Work instructions
Every line below from the one containing "3. 슬리브리스 + 와이드 팬츠 + 미스트형 향수" through the one containing "錦橋紡織網(wǎng)—資訊頻道> 棉花信息> cotlook>正文" is to be printed exactly, with the pictures omitted.

Data
===
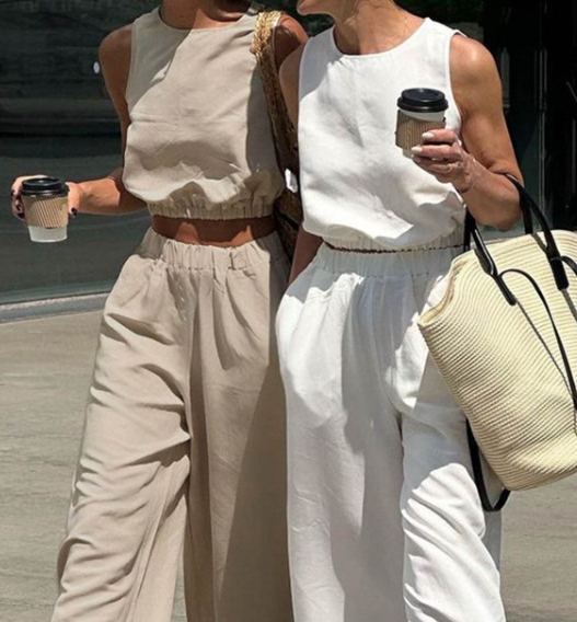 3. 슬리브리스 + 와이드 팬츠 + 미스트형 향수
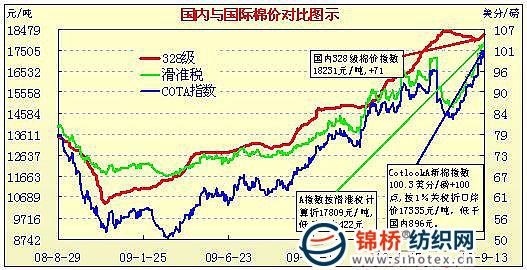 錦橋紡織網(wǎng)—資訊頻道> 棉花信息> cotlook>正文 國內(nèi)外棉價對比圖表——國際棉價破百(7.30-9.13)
===
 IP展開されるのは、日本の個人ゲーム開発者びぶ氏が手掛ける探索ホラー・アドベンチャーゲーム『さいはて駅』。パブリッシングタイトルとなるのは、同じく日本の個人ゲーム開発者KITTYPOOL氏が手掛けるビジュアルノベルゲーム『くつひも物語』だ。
===
Result for this task
 3. 슬리브리스 + 와이드 팬츠 + 미스트형 향수
 錦橋紡織網(wǎng)—資訊頻道> 棉花信息> cotlook>正文 國內(nèi)外棉價對比圖表——國際棉價破百(7.30-9.13)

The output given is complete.